The Michigan Department of Health and Human Services (DHHS) reported Monday that a total of 2,905,639 Michiganders have tested positive for COVID-19 and 29,226 have died from the virus — an additional 29,226 and 36 deaths since Friday.
The new numbers combine Saturday’s, Sunday’s and Monday’s recorded cases and deaths, with an average of 13,124 new confirmed cases per day. DHHS publishes COVID-19 data three times weekly on Mondays, Wednesdays and Fridays.
The DHHS also reported Monday that 4,145 people are hospitalized with confirmed or suspected COVID-19 cases. Of those individuals, 747 are in intensive care units and 467 are on ventilators. There are 107 children hospitalized with confirmed or suspected COVID-19 cases.
DHHS reported that an additional 262,728 Michiganders have been identified as “probable” cases for COVID-19, as well as 2,313 probable deaths. The department began tracking probable cases on April 5, 2020.
Combining the state’s confirmed positive cases with probable cases brings the total up to 2,168,367 statewide cases and 31,539 deaths.
The state is also reporting school- and sports-related COVID-19 outbreaks on a weekly basis. As of Wednesday, 309 pre-kindergarten-12 schools are reporting new or ongoing COVID-19 outbreaks.
Of those, 117 are new outbreaks reported Wednesday.
The DHHS issued a school guidance Jan. 10 to strongly recommend a universal mask mandate in schools along with other CDC-developed prevention strategies.

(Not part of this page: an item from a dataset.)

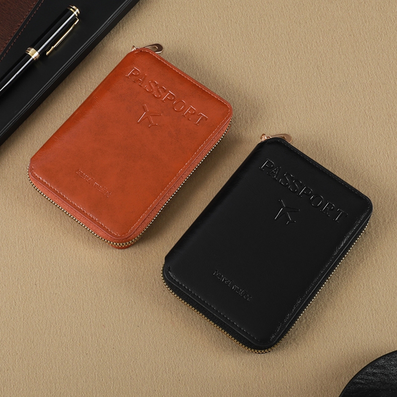 กระเป๋าหนังพาสปอร์ตมุมกลม กระเป๋า RFID แฟชั่น กระเป๋าใส่บัตรหลายฟังก์ชัน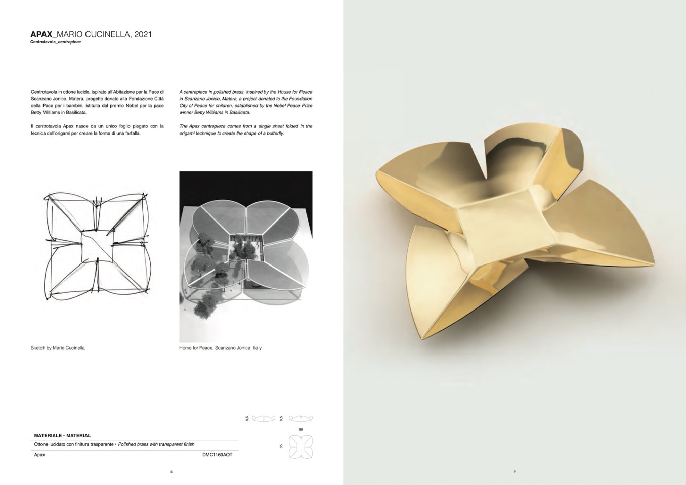 Centrotavola in ottone lucido, ispirato all’Abitazione per la Pace di

The state stopped reporting COVID-19 outbreaks in colleges and universities to “streamline the local health department weekly outbreak reporting survey to focus on congregate settings where patients and staff might be more at risk for infection and/or experience severe outcomes from infection” during the current surge in cases.
There are 132 pre-kindergarten-12 schools with outbreaks of 10 cases or more, including Lapeer High School (108 cases), Western High School (100 cases), Lenawee Intermediate School District Tech Center (90 cases), Grayling High School (87 cases), Croswell Lexington High School (83 cases), Pinconning High School (78 cases), Caro High School (78 cases) and Garber High School (75 cases).
There are some holes in the state’s reporting of school-related outbreaks, as DHHS doesn’t track individual COVID-19 cases in schools and relies on local health departments to track and report.
To be considered an outbreak, the local health department must have found three or more COVID-19 cases that may have shared exposure on school grounds and are from different households. Previously, the state considered an outbreak to be two or more COVID-19 cases.
Case counts for school-related outbreaks include those associated with before and after school programs and cases originating from on-campus and off-campus student housing.
According to DHHS spokesperson Lynn Sutfin, students or staff who were exposed to COVID-19 outside of school grounds and are not thought to have spread the disease on the school grounds are not included in the report.
Michigan’s two largest universities, University of Michigan and Michigan State University, are reporting significant outbreaks.
Michigan State University reported that as of Tuesday, it was aware of 2,957 cases of COVID-19 among students, faculty and staff since the week of Aug. 2. University of Michigan reports that last week, 1,200 staff and students have tested positive for COVID-19.
The virus has been detected in all of Michigan’s 83 counties. The state’s COVID-19 fatality rate is currently at 1.5%.
As of Thursday, the state reports that 1,421,905 people have recovered from COVID-19.
However, this is the final update the state will do on recovery data, according to the DHHS. The state said the case fatality rates and proportion of persons who do die and recover are “no longer a useful metric to estimate the true number of recovered persons.”
“The surveillance definition described above simplified the number of recovered cases to essentially include those who did not die of COVID-19 within the 30 day timeframe. Included in the recovered data would be persons who died without COVID-19 noted on their death certificate (potentially not recovered) and persons who do not expire but experience long COVID – which cannot be identified from current case surveillance methods,” the DHHS noted on the site.
The first two cases of COVID-19 were reported in the state on March 10, 2020. Gov. Gretchen Whitmer declared a state of emergency that day.
Johns Hopkins University reports that there are about 354 million confirmed cases worldwide and 5.6 million deaths. The United States makes up a significant portion of those, as 71.2 million confirmed cases and 867,708 deaths have been recorded nationally.